Resurrection Bay multibeam imagery
Detailed Description
Sonar-generated image showing underwater topography and the potential for landslides near the head of Resurrection Bay, Alaska. The terrain looks three times as steep as it occurs naturally. The arrow points to underwater landslide debris from the collapse of a fan-delta following the great Alaskan earthquake of 1964. The town of Seward, which suffered much damage and lost lives due to the quake, had been built on this fan-delta (just above and to the left of the arrow).
From H.J. Lee, "Undersea landslides: extent and significance in the Pacific Ocean, an update," in Natural Hazards Earth Systems Science, 2005; and H.J. Lee, et al., "Characteristics of Several Tsunamigenic Submarine Landslides," in Submarine Mass Movements and Their Consequences: 1st International Symposium, 2003.
Sources/Usage
Public Domain.
Characteristics of Several Tsunamigenic Submarine Landslides
Journal article, 2003: Submarine landslides are becoming recognized as a potential source of damaging local tsunamis. However, there are presently few documented case studies of landslide events that have caused historic tsunamis or likely caused prehistoric tsunamis. We present three case studies of submarine landslide environments off the west coast of the United States, including Alaska. Each environment has been imaged using multibeam technology allowing excellent resolution of the morphology of the seafloor. Based on this imagery and the historic record, we document the character of these environments and the resulting tsunamis. In the case of one of the failures, we present a model of the motion of the landslide and the size of tsunami that this motion would have produced.

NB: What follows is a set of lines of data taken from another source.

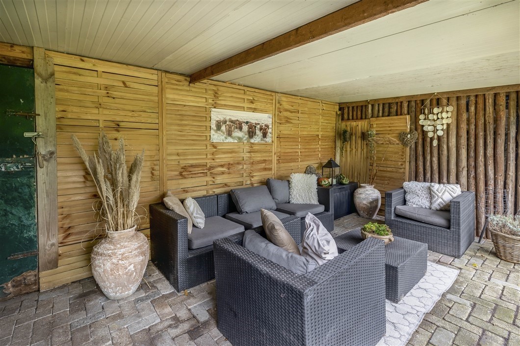 * Vrijstaande berging (ca. 18 m²) met sfeervolle overkapping (ca. 9 m²).
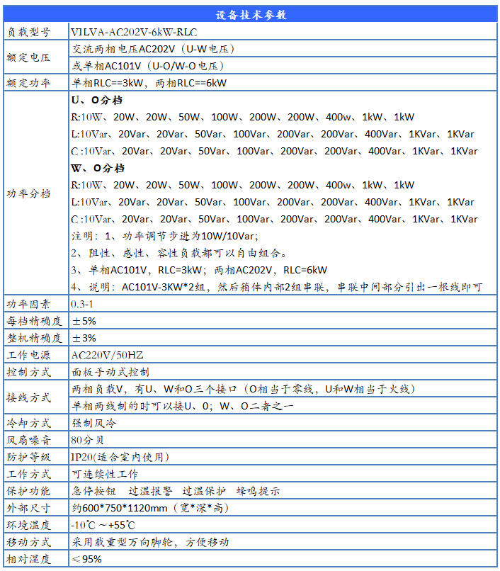 產(chǎn)品規(guī)格:VILVA-AC202V-6KW-RLC負載箱
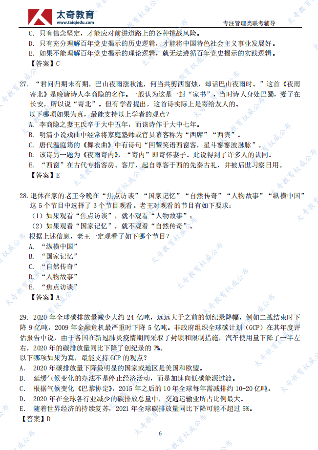 feng: 太奇的邏輯我感觸最深,聯(lián)考的真題跟??嫉目碱}有很多都是一樣的!考上清華真得很感激楊老師。
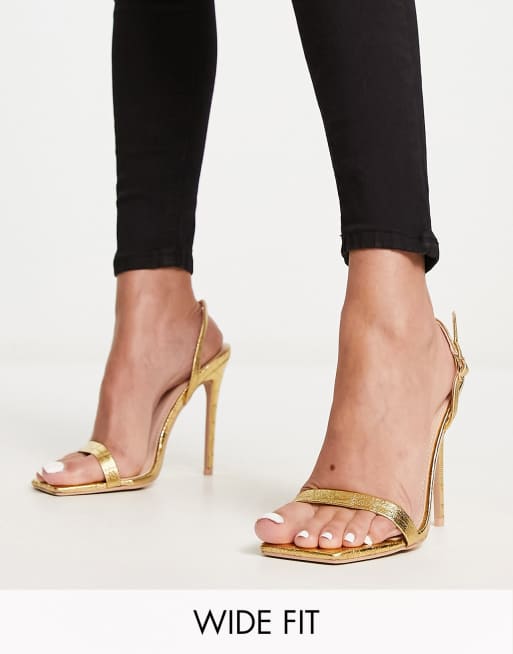 Raid Wide Fit - Meryn - Guldfarvede sandaler med hæl og krokodillemønster
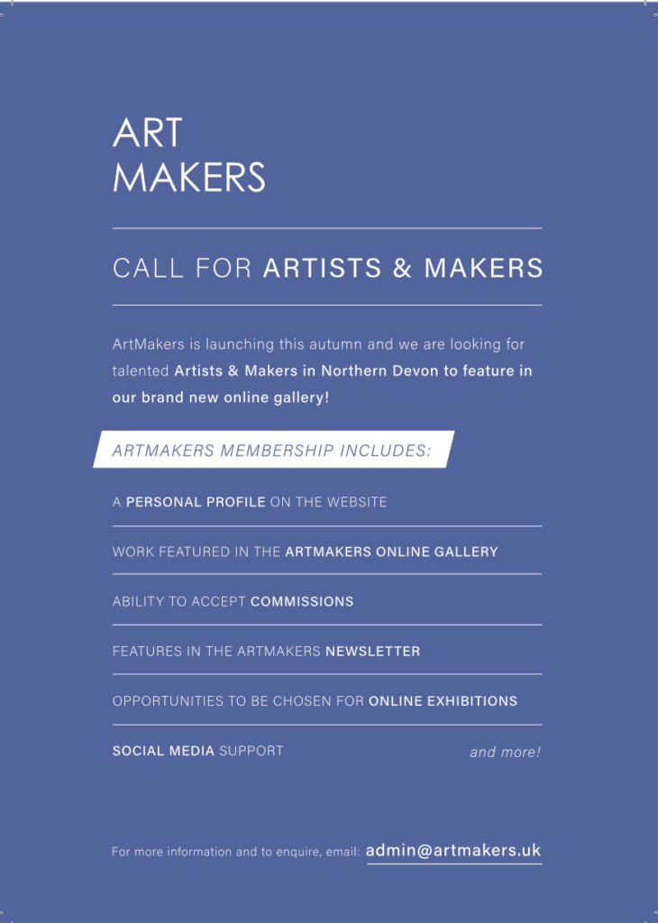 Artmakers has launched a call to artist and makers in northern Devon to join the new website via Instagram and Facebook. The call reached over 1200 people within the first week, with over 200 engagements. Phil and Hlary, the Artmakers founders, have been fielding calls for information everyday and now expect to have a substantial initial registration of artists and makers in preparation for their official launch to buyers, and the fisrt AR exhibition, in November.

Undersea landslides: extent and significance in the Pacific Ocean, an update
Journal article, 2005: Submarine landslides are known to occur disproportionately in a limited number of environments including fjords, deltas, canyons, volcanic islands and the open continental slope. An evaluation of the progress that has been made in understanding Pacific Ocean submarine landslides over the last 15 years shows that mapping technologies have improved greatly, allowing a better interpretation of landslide features. Some features previously identified as landslides are being reinterpreted by some as sediment waves. Previously underappreciated environments for landslides such as deep-sea trenches are being recognized and lava deltas are being found to be landslide prone. Landslides are also being recognized much more commonly as a potential source of tsunamis. Landslides that have produced tsunamis in the past are being mapped and in some cases modeled. The flow characteristics of turbidity currents produced by landslides in canyon heads have recently been monitored and the source of these failures has been identified using repeated multibeam mapping. Finally, some landslide deposits are being dated as part of assessing risk to coastal cities from landslide-tsunamis.